Yemeğe düşkün bir adam olduğu için yemekler onun hassas noktasıydı. Hayatımın en garip ikinci pikniğini de Gurur ile yaptım. Bir kliniğin tecrit odasında onunla piknik yaparken ikimizde halimizden memnunduk. Asıl tuhaf olan bunda hiçbir gariplik bulmamamızdı. Onun aksine her şeyden küçük lokmalar alıp yediğim için huysuzlanmaya başlamıştı. “Böyle yersen tabii hiç kilo almazsın.” Daha fazla şey yememi isteyerek tabağımı doldurdu. “Ye şunları, bir şeyler tıkınmadıkça hep böyle sıska kalırsın.”

“Tıkınmak değil.” Sakince onu düzelttim. “Yemek.”

Göz devirir gibi baygınca bir ifadeyle bana baktı. “Adı her ne haltsa onu yap işte.”

“Adı yemek.”

Tabağıma göz attı. “Onlar börek.”

“Evet ama börekleri yeriz onlarla tıkınmayız.”

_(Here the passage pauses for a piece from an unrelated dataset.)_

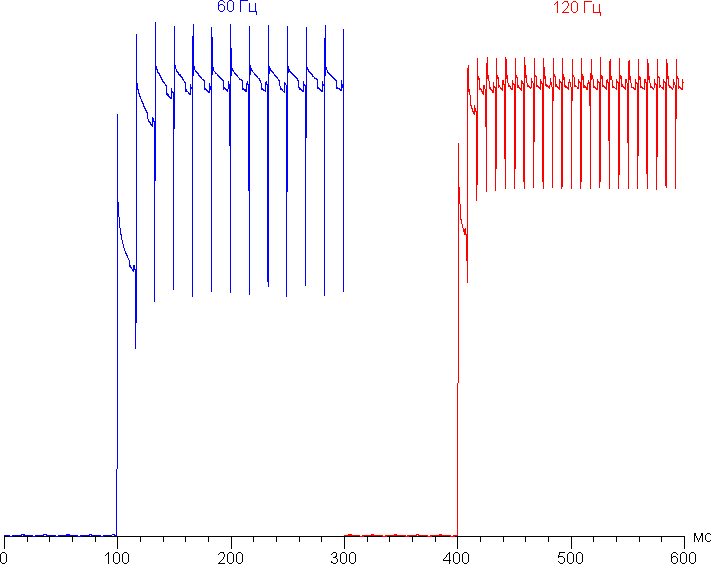 Переключение состояния элементов матрицы выполняется практически мгновенно, но на фронте включения может присутствовать ступенька шириной примерно 17 мс (что соответствует частоте обновления экрана примерно в 60 Гц) или примерно 8 мс (120 Гц). Например, так выглядит зависимость яркости от времени при переходе от черного к белому (режим 60 Гц и 120 Гц):

Gözlerini kısarak bakışlarını bana çıkardı. “İkisi aynı şey değil mi?”

“Değil aradaki farkı sana göstermemi ister misin?”

“Göster bakalım.”

“Bak şimdi bu bir şeyleri yeme şekli.” Böreği alıp ona göstererek ısırdım. Küçük bir parça aldığım böreği gözlerinin içine bakarak çiğneyip yuttum. Elimdeki dilimi yukarı kaldırıp tekrar ona gösterdim. “Tıkınmak da tam olarak şöyle bir şey.” Koca dilimi tek bir lokmada hunharca ağzıma tıkmaya çalıştığımda yüksek sesle güldü. “Boğulacaksın dur.”

Ağzıma bastığım börek yüzünden yanaklarım balon gibi şişmişti. Dudaklarımı birbirine sımsıkı bastırarak ona baktığımda gülüşüne engel olamadı. Gülerken gözleri kısılıyordu. “Şimdi onu nasıl yutacaksın?” İşte bunu düşünmemiştim.

Gurur poğaçaların yanındaki peçeteyi alıp bana doğru uzandı. Ensemi tutup başımı eğerek peçeteyi dudaklarıma yaklaştırdı. “Çıkar bakalım.” Ama bu çok utanç vericiydi. Bir çocukla konuşur gibi davranıyordu.

Dudaklarımı araladım ama bir bütün olarak ağzıma sığdırdığım böreği çıkartamadım. Başımı çevirip Gurur’a baktığımda bıyık altında gülüyordu. “Baş belası.” İki parmağını uzatıp ağzımın içini dolduran böreği çıkartarak peçeteye koydu. “Şu hale bak çocuk gibisin.” Peçeteyi katlayarak içindeki böreği gizlemişti.

Daha sonra yeni bir peçete alıp bana uzandı. “Buraya gel.” Çenemi tuttuğunda derimin altı ısınmıştı. Gurur ağzımı silerken bende nasıl bir kalp çarpıntısı yarattığının farkında bile değildi.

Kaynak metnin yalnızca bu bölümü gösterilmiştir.